= Salesian Preventive System =

Catholic educational method

The Salesian Preventive System is the educational method of the Salesians, built upon the pedagogical experience of Saint John Bosco with poor children in 19th-century Turin. It is based on three pillars namely—reason, religion, and loving kindness which is opposed to school punishment, or what Don Bosco refers to as the repressive system of education. Don Bosco is the principal historical representative of this method of formation of the young. He was preceded in its development by such luminaries as Saint Philip Neri and Saint Francis de Sales.

Don Bosco wrote only one essay explaining his pedagogical method, The Preventive System in the Education of the Young (1877). This was included in the first Salesian Constitutions.

==History==

The beginnings of the Salesian Preventive System can be traced to the life and apostolate of Saint John Bosco (1815–1888). During the second half of the 19th century, Don Bosco began work among poor youth in Turin, especially the homeless and orphans. In addition, the Industrial Revolution had led to a smaller proportion of poor children who would not survive until adulthood. Consequently, more living children needed guidance and direction.

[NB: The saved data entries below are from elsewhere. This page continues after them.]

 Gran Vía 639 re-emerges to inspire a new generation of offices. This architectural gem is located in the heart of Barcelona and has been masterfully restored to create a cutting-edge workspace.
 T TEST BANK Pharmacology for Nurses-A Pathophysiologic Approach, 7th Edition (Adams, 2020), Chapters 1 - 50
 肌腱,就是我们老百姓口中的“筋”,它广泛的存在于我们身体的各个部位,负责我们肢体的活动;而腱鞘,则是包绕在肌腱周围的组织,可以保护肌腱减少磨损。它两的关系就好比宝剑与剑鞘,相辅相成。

Don Bosco based his pedagogy upon two preventive aspects. The first is a timely awareness of the dangers to which youths may be exposed. By this, the educators can help the youth avoid such harmful experiences in time. The second aspect is the immediate rehabilitation of youths who have already been victims of such dangers before. This is the consequential onset of bad habits, the process including sanitation therapies, empowerment of energies, and the possibility of alternative work opportunities.

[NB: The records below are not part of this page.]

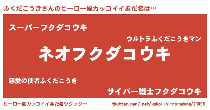 | ヘコむあだ名 | 『ふくだこうき(苦笑)』『ふくふぇ~』 |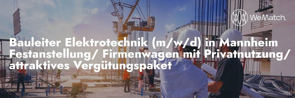 Bauleiter Elektrotechnik (m/w/d) in Mannheim Festanstellung/ Firmenwagen mit Privatnutzung/ attraktives Vergütungspaket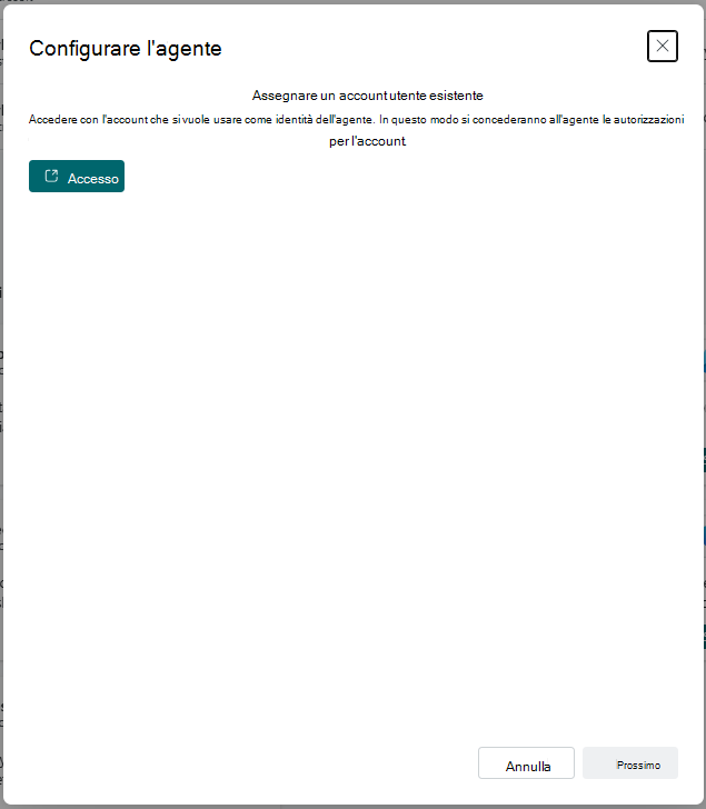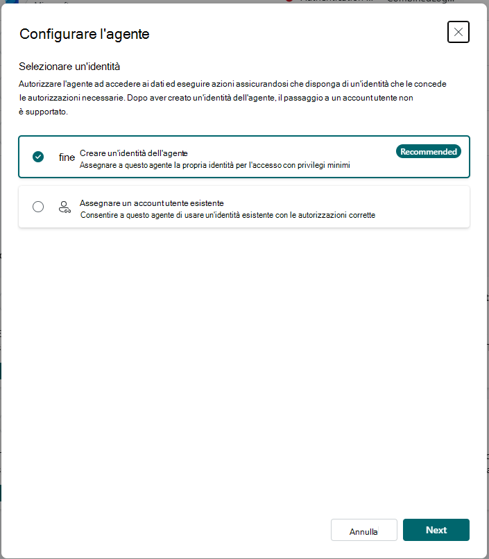 È consigliabile creare un'identità dell'agente. Per altre informazioni, vedere Che cosa sono le identità degli agenti?.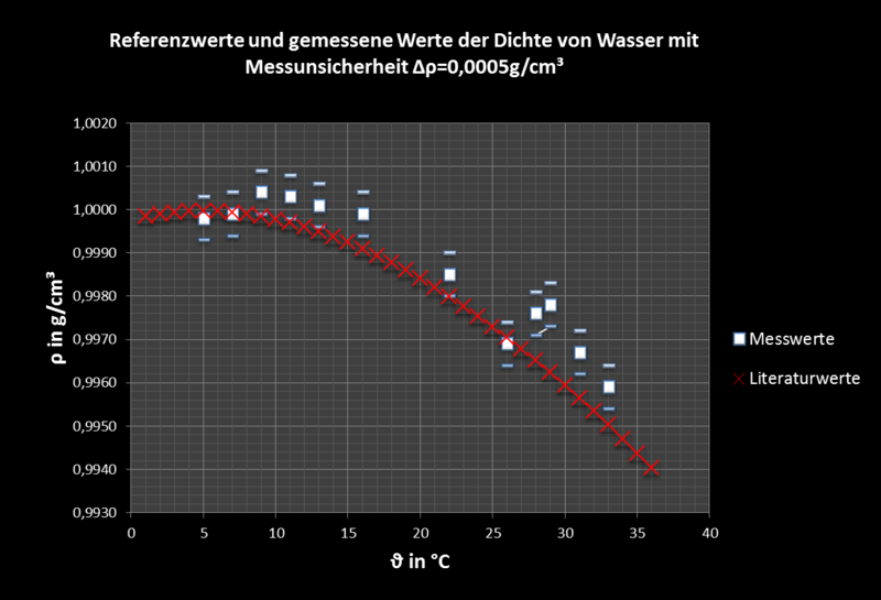 Westphalsche Waage: Plot zum Vergleich der aufgenommenen Messwerte mit Literaturwerten. Geplottet sind die gemessenen Dichtewerte für Wasser in Abhängigkeit der gemessenen Temperaturwerte (weiße Quadrate). Die schmalen Balken zeigen das Intervall der Messwerte für die Dichte unter Berücksichtigung der Messunsicherheit. Die Messunsicherheit für die Temperatur ist in der Breite der Quadrate und Balken berücksichtigt. In rot sind die Literaturwerte geplottet.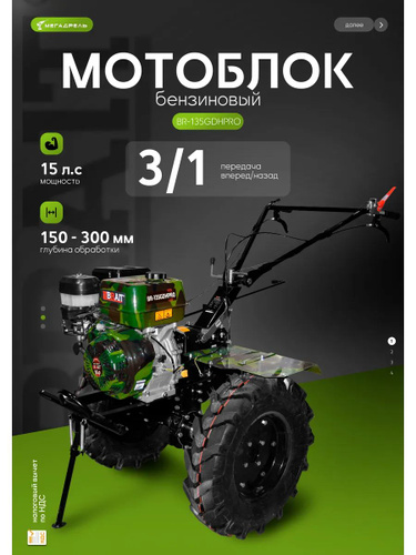 Мотоблок бензиновый BR-135GFPRO 18.5 л.с. колеса 5.00-12, 3 вперед/1 назад, чугунный редуктор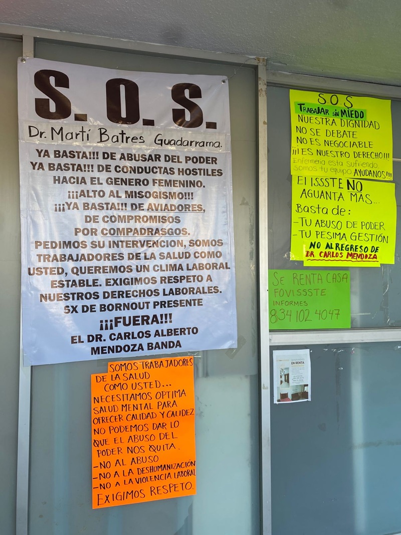 CIUDAD VICTORIA, TAMPS. Con un llamado al director general del Instituto de Seguridad y Servicios Sociales de los Trabajadores del Estado (ISSSTE), Martí Batres Guadarrama, la base trabajadora de la Clínica de esta Capital sigue trabajando bajo protesta.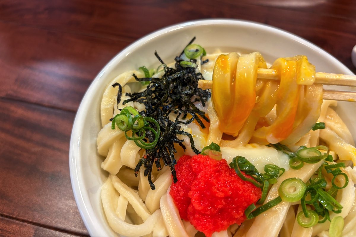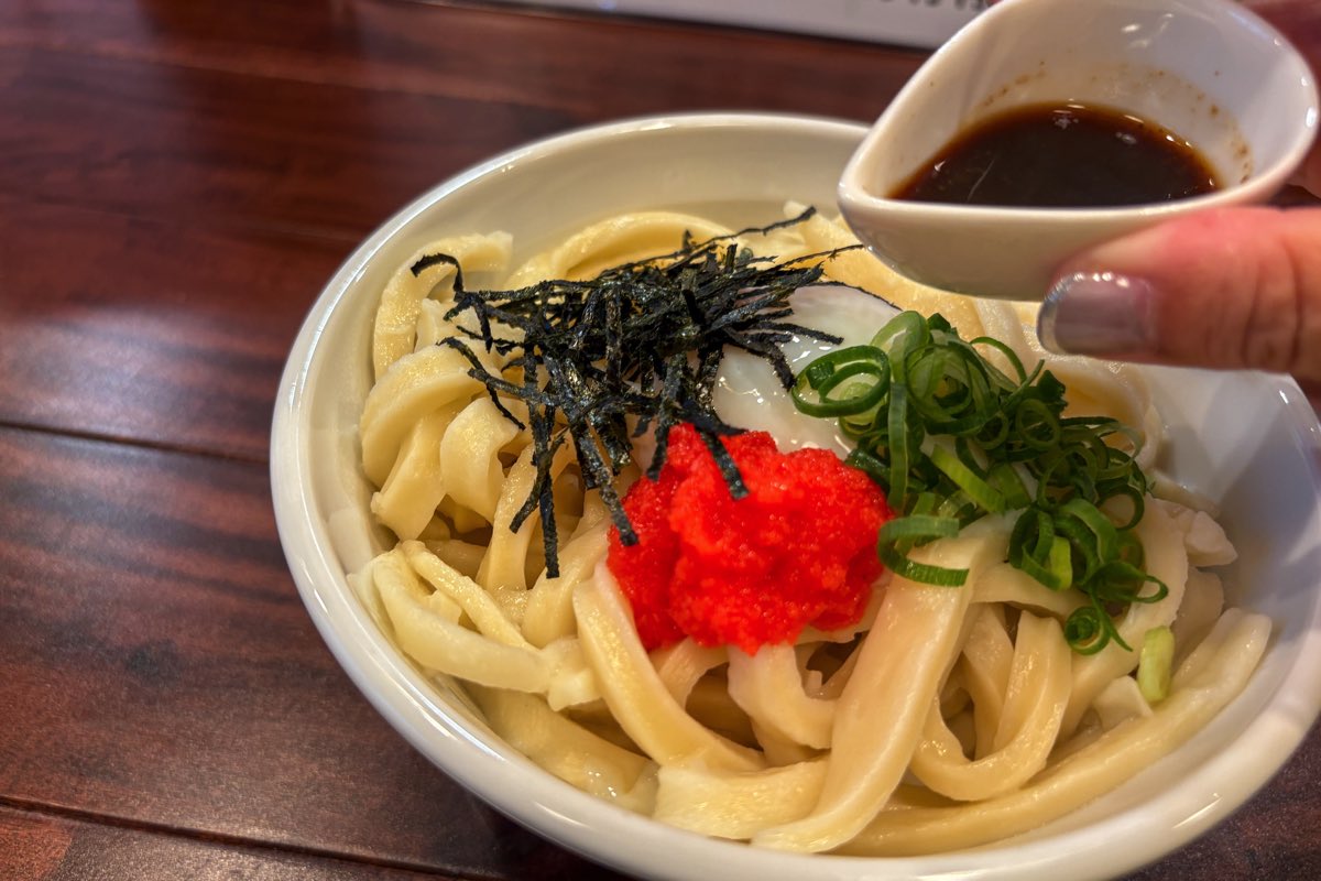 本日は、今回初めて登場したという数量限定の「明太釜玉うどん」を実食~♪オリジナルの生醤油をまわしかけていただく。

Carlo Nanni defined Don Bosco as a man of action rather than a scholar. And indeed, Don Bosco did not write extensively on the matter. As such, students of the Preventive System may wish to study the life and actions of Don Bosco.

==Administration==
This system is used widely by instructors in Don Bosco Schools and Institutes. These include such schools as Don Bosco Bandel, Don Bosco School, Park Circus, Don Bosco School (Alaknanda, New Delhi), Salesian English School, Don Bosco High & Technical School, Liluah, St. John Bosco High School, and Salesian High School (Richmond).